#### EXERCISE INSTRUCTIONS
Copy out the data below from the line containing "Homefriends ливадно сено" to the line containing "黃昏時分連綿的山峰,中國四川省峨眉山山頂", both lines included, with all images left out.

#### EXTRACTED MATERIAL
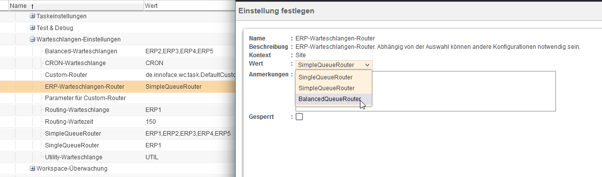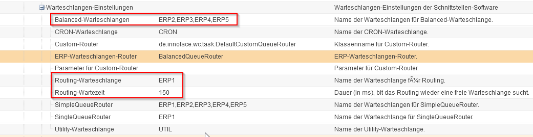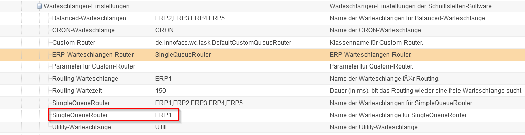 Die Haupteinstellung bzw. steuernde Einstellung in der Kategorie "Warteschlangen-Einstellungen" ist der "ERP-Warteschlangen-Router".
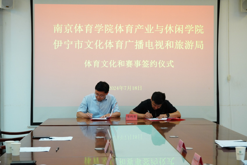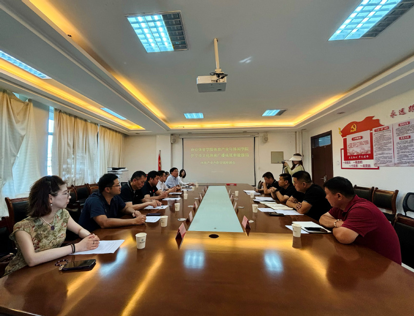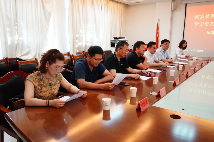 为加强南京与伊宁在体育产业领域的交流与合作,共同探索体育事业发展新路径,7月18日上午,体育产业与休闲学院与伊宁市文体广旅局开展体育产业合作交流座谈会暨体育文化和赛事签约仪式。伊宁市文体广旅局党组副书记、局长穆合塔尔·祖农,伊宁市业余体校党支部书记周立民,校长迪力夏提·买买提江,南京体育学院党委学生工作部、学生工作处处长丁永亮,校团委书记、创新创业学院院长陆春龙,体育产业与休闲学院党总支书记王进,学院院长郭修金,学院党总支副书记陈志及学院部分教师参加会议。会议由伊宁市文体广旅局党组成员、执法队大队长董颜主持。
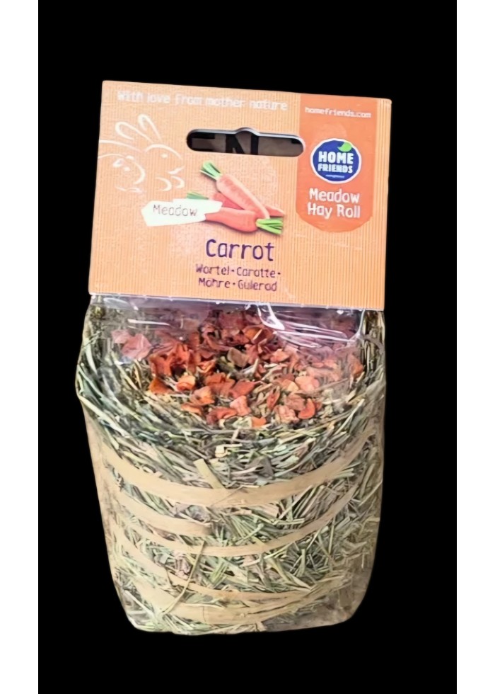 Homefriends ливадно сено ролка с морков е 100 % натурална допълваща храна за гризачи и зайци, богата на сурови фибри с вкусен топинг. Тя съдържа висококачествено ливадно сено, обогатено с вкусен морков. Сеното е богато на фибри и помага на храносмилателната система на вашия домашен любимец да работи добре. Тази вкусна смес подобрява чревната флора и дава на зайци и гризачи допълнителна енергия и жизненост.
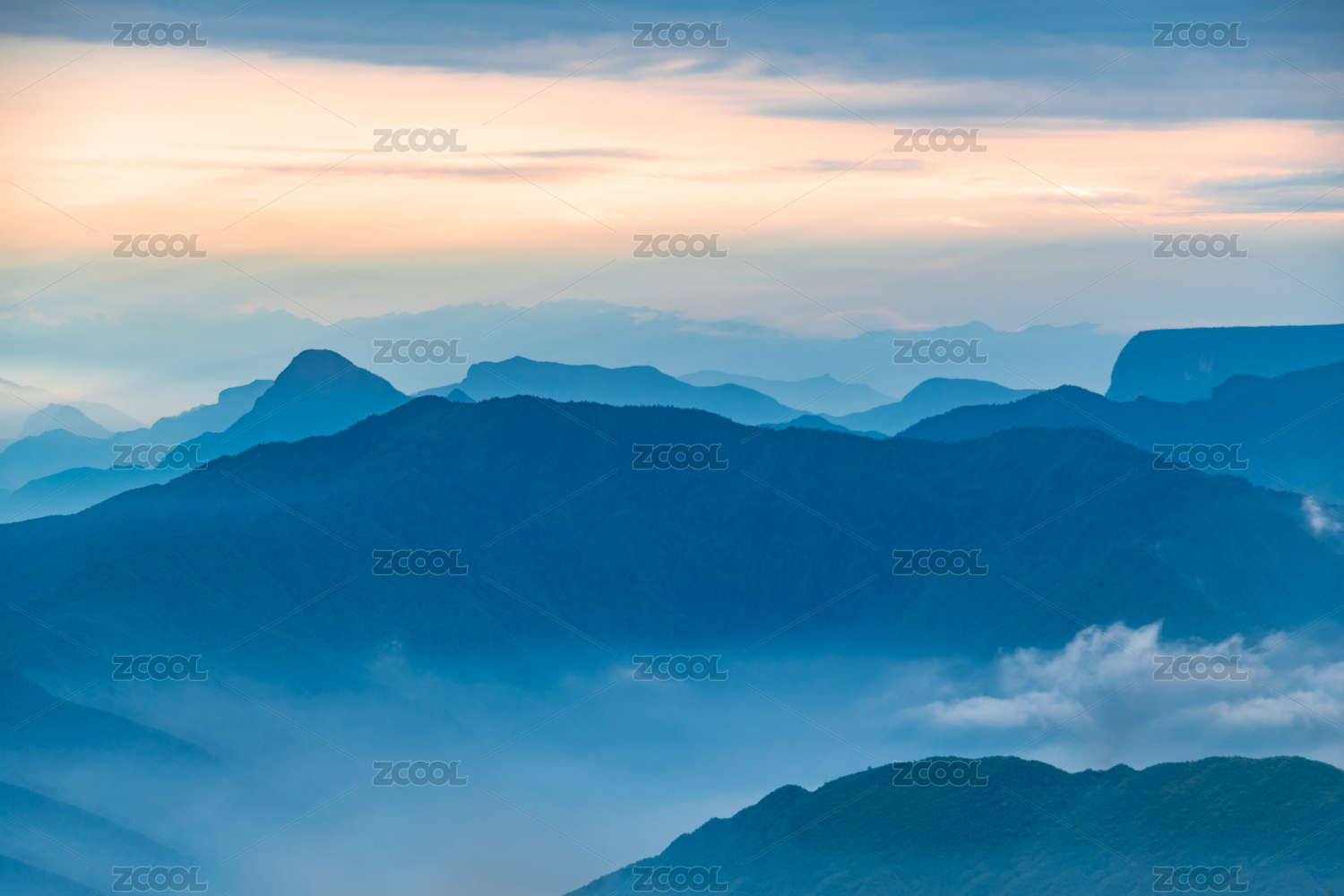 黃昏時分連綿的山峰,中國四川省峨眉山山頂
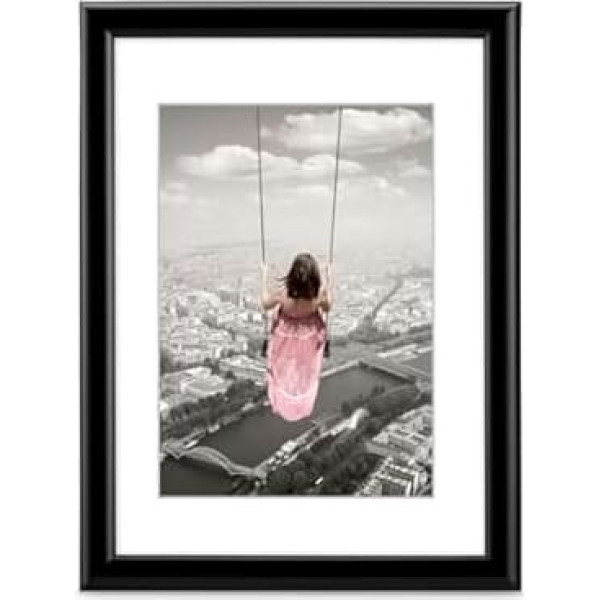 Hama Swing Picture Frame 50 x 70 cm with Mount Picture Format 30 x 45 cm Modern Plastic Frame for Portrait Format for Landscape Format Hanging Reflective Glass Black

#### RESULT OF THIS TASK
 Homefriends ливадно сено ролка с морков е 100 % натурална допълваща храна за гризачи и зайци, богата на сурови фибри с вкусен топинг. Тя съдържа висококачествено ливадно сено, обогатено с вкусен морков. Сеното е богато на фибри и помага на храносмилателната система на вашия домашен любимец да работи добре. Тази вкусна смес подобрява чревната флора и дава на зайци и гризачи допълнителна енергия и жизненост.
 黃昏時分連綿的山峰,中國四川省峨眉山山頂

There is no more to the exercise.